|Résumé||(disponible en anglais seulement)|
Seismic trace interpolation is often necessary to generate better images during the stacking, migration, or other phases of seismic data processing to address
problems such as irregularly distributed or noisy traces. Commonly used point-wise interpolation methods, such as the geostatistical or Krige and MINimum Curvature (MINC) methods, do not work well for trace interpolation because they are not suitable
for the high spatial and temporal heterogeneity of seismic recording. Noise and the limited bandwidth in seismic data impede the identification and tracing of reflectance events across traces, which greatly limits the performance of those methods
that rely on this as the first step. A key improvement in seismic trace interpolation appeared with the development of the F-x, F-K, and a series of other related methods. The F-x method is based on a self-regression model in the frequency domain
that predicts higher frequency components using low frequency information and can give the optimized results for linear reflectance events. Further more, the F-x and related methods require regularly sampled traces and linear reflectance events.

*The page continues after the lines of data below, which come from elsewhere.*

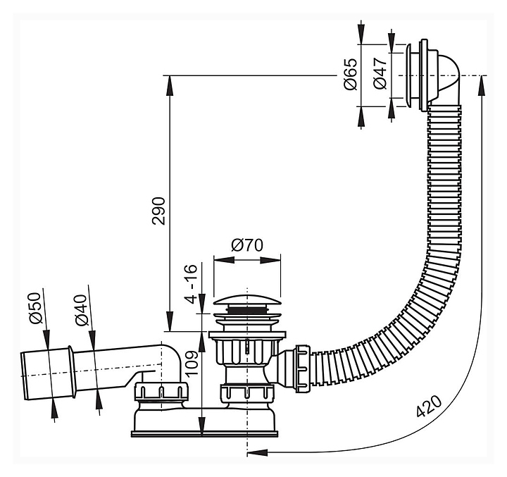 Сифон Ravak Sabina 50 подходит для глубоких поддонов с сиденьем Sabina. Особенности: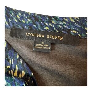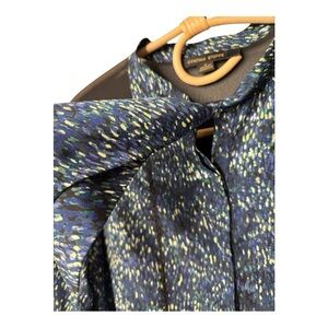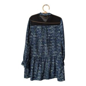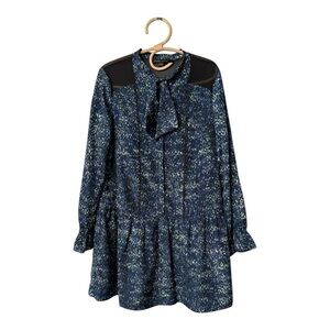 Cynthia Steffe Navy Tie Neck Babydoll Long Sleeve Patterned Mini Dress Size 6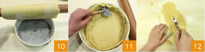 wrap the dough around the rolling pin and unroll it onto a 9.5-inch diameter mold greased and lined with parchment paper 10. Press the sheet into the mold and trim the excess edges with a pastry wheel 11. From the leftover dough, cut strips about half an inch wide 12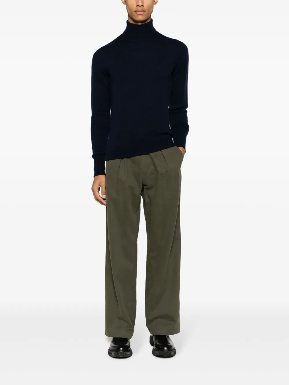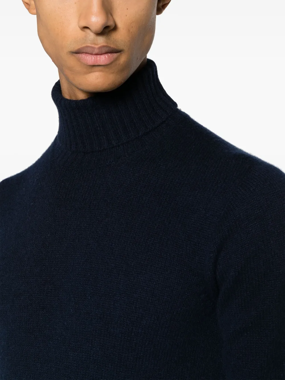 Темно-синий, кашемир, трикотажный материал, высокий воротник и длинные рукава.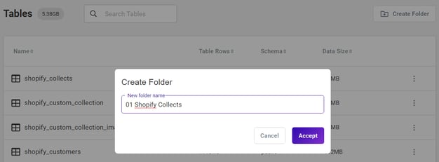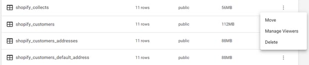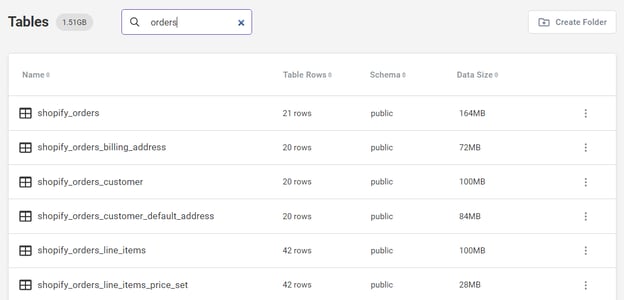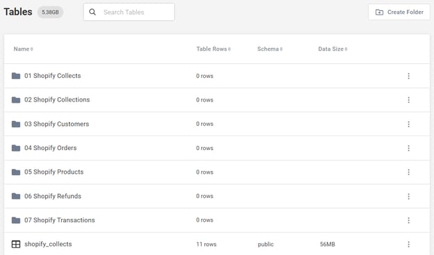 Step 1. In this case, the data source name is Shopify, so all the tables will have a shopify_ prefix.
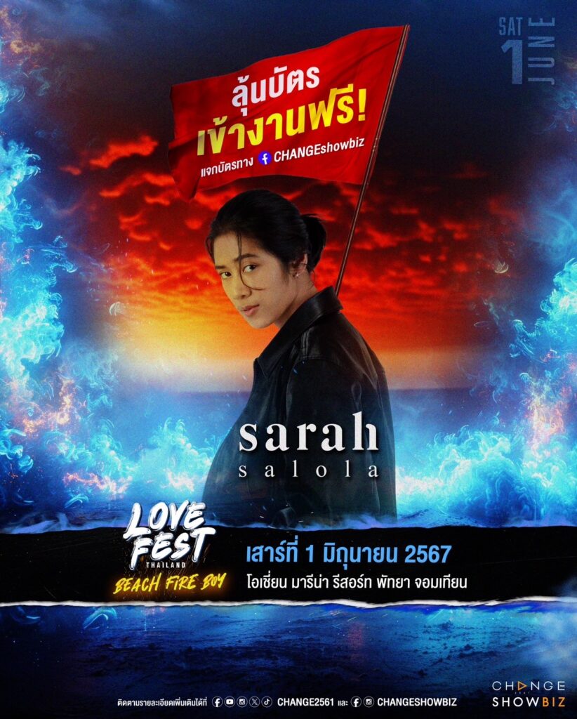ก็เพราะว่างานนี้คือ #เทศกาลความรักริมทะเลที่ใหญ่ที่สุดในประเทศไทย ผู้จัดคอนเสิร์ตอย่าง “พี่ฉอด สายทิพย์ มนตรีกุล ณ อยุธยา” CEO บริษัท CHANGE2561 จำกัด มีหรือจะไม่เล่นใหญ่งานนี้ก็จัดให้ไปเลย 2 เวที MINI STAGE มาฟัง..เพลงรักสไตล์สาวเท่จาก #SarahSalola แถมได้มาคุย..ปรึกษาปัญหาหัวใจกับ #พี่อ้อยพี่ฉอด กันแบบเอ็กซ์คลูซีฟกันที่เวทีเล็กในบรรยากาศริมทะเลลมเย็นๆ ส่วนเวทีใหญ่ MAIN STAGE ปีนี้ดูทรง LINE UP ศิลปินไม่ได้มาดับร้อน แต่มาเพิ่มอุณหภูมิให้ ร้อนนนน…..!!! กับศิลปินตัวท็อปที่ CHANGEshowbiz ขนมาแน่นเวที “ TILLY BIRDS – INDIGO – PPROXIE – YOUNGOHM ”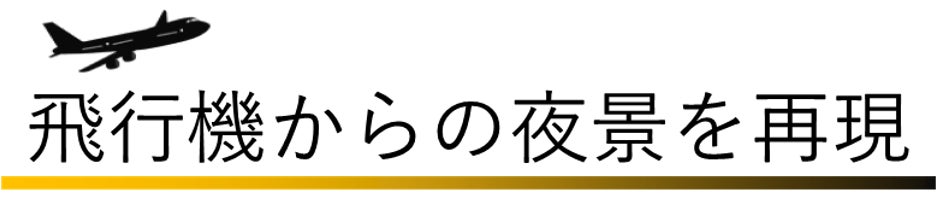 ① 3万フィート上空の飛行機の窓から眺める大都市の幻想的な景色を自宅で再現。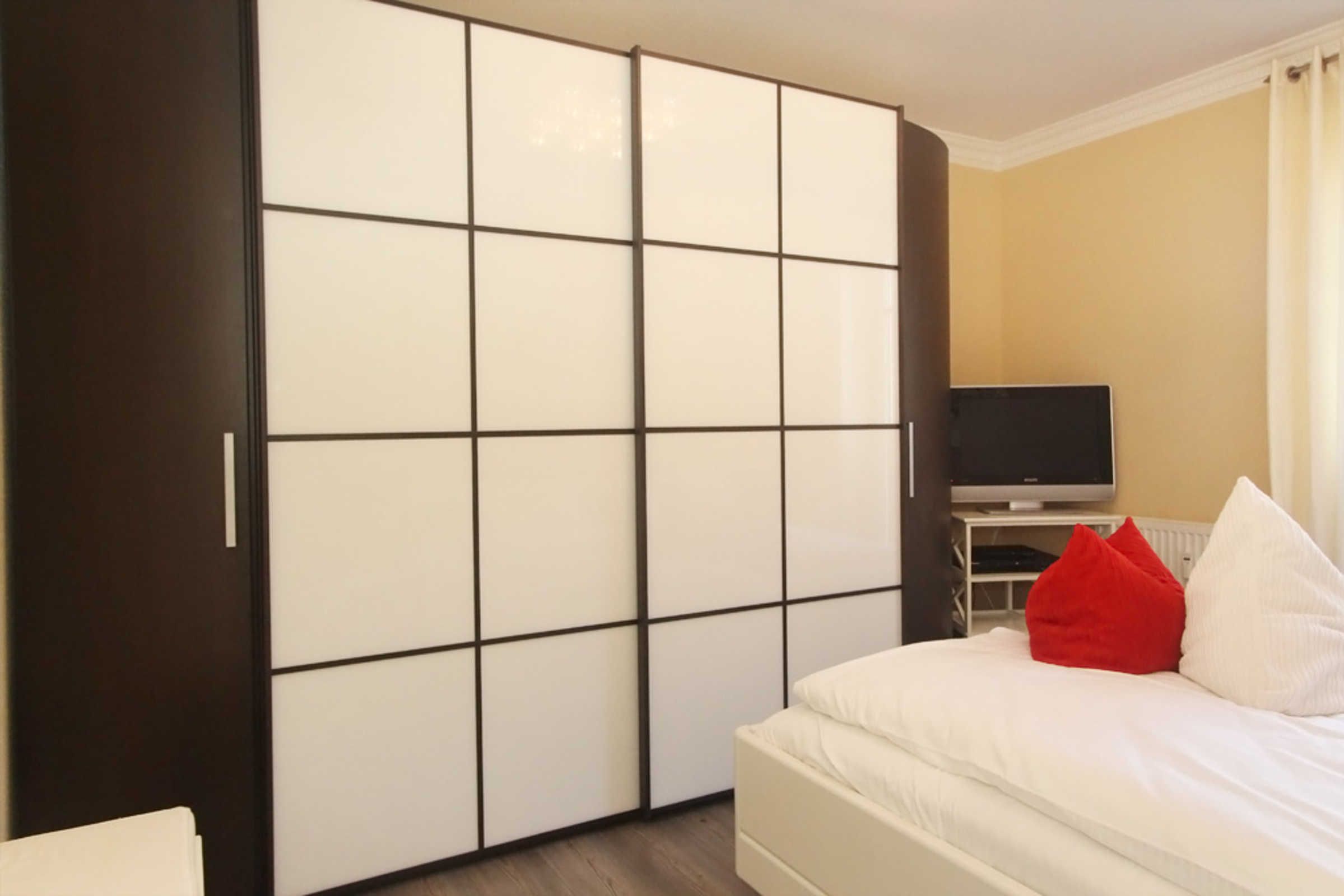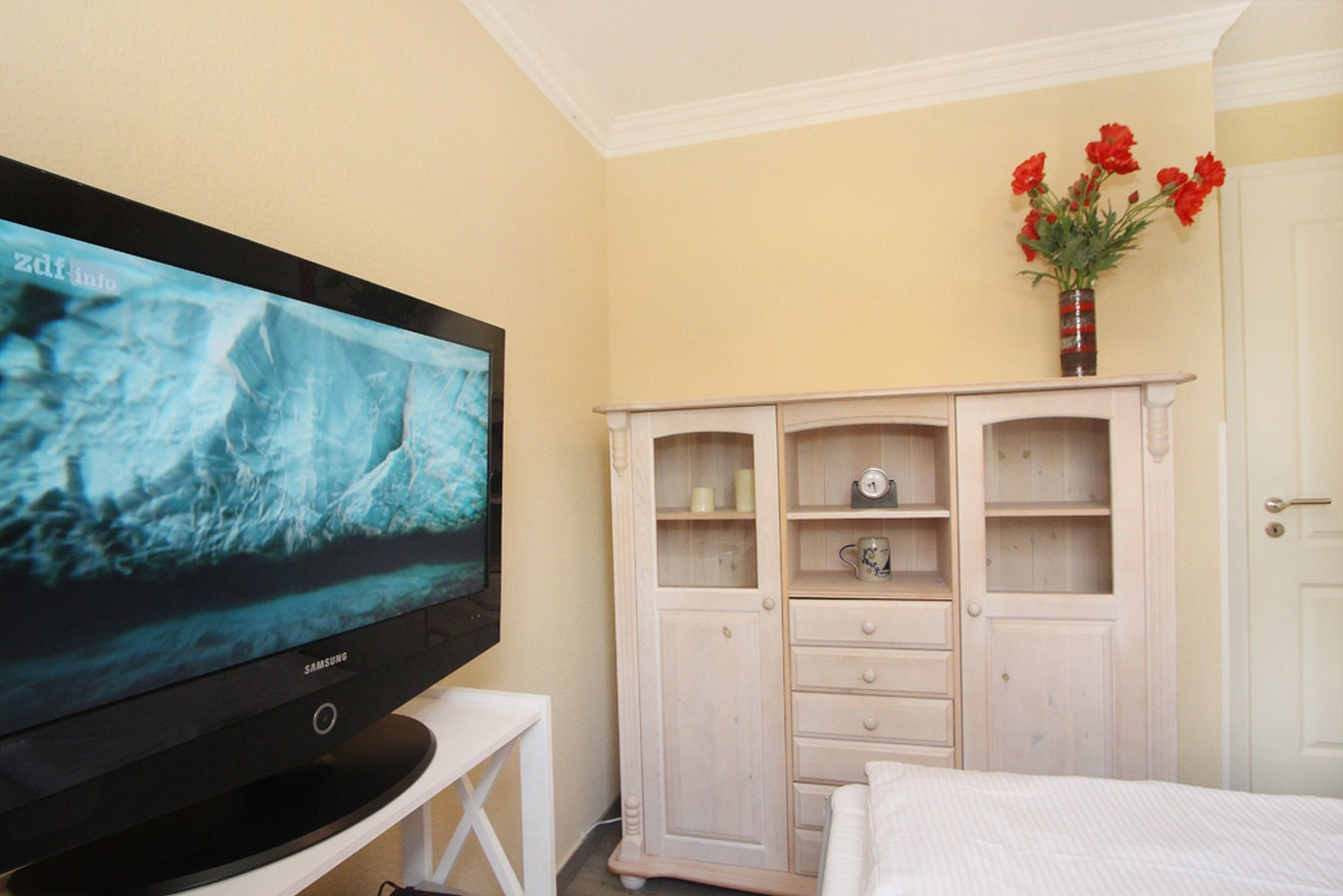 Ein Schlafzimmer bietet ein Doppelbett (180x200cm), SAT-TV (Flatscreen) + DVD-Player und einen großen Kleiderschrank für Ihre Urlaubsgarderobe. Im zweiten Schlafzimmer, in dem sich eine ausziehbare Schlafcouch für 1-2 Personen (ideal für 1 Erwachsenen oder 2 Kinder, Maße ausgezogen 140x200cm) befindet, bietet ebenfalls SAT-TV (Flatscreen) + DVD-Player und dazu eine Kommode als Ablage.

Simultaneously, the F-K method estimates the non-existent high frequency components of the interpolated traces by iteration, using the known traces as constraints. The F-K method also requires that recorded seismic traces have the same equal interval
and it is not able to assure convergence of the high frequency component estimation during the iteration procedure.
In this approach, a new seismic trace interpolation method, E-x, is introduced which interpolates seismic traces in the Eigen and
spatial (x) domains. It is based on the fact that the acquired seismic traces span an eigen-space. It can also be understood as the inversion problem of spatial principal component analysis using the covariance, not correlation, matrix of observed
seismic traces. If the eigen-traces concept is defined as the eigen-vectors of the recorded seismic traces, then all eigen-traces can compose an orthogonal base for the spanned eigen-space. Thus one known trace will correlate to one point in the
eigen-space and a series of recorded traces sorted spatially (such as along a profile) will correlate with a trajectory of points in the eigen-space. Then, a trace interpolation becomes as easy as searching for a certain point along that trajectory
and inversely transforming that point to get an estimated seismic trace. The singular spectrum analysis (SSA) technique can describe the energy distribution of these eigen-traces. The E-x method can also be used for noise reduction by selecting a
subspace of the eigen-spaces in the inverse transformation. The E-x method is specifically designed for seismic trace interpolation and does not assume linear seismic reflectance events, knowledge of their true dips, or equally sampled traces.
Synthetic and observed marine seismic profile data from the east coast of Canada are processed using the developed E-x method to demonstrate and verify the accuracy and performance of this method for trace interpolation and noise reduction. Future
developments allow for the possibility of extending and integrating the E-x method with other methods.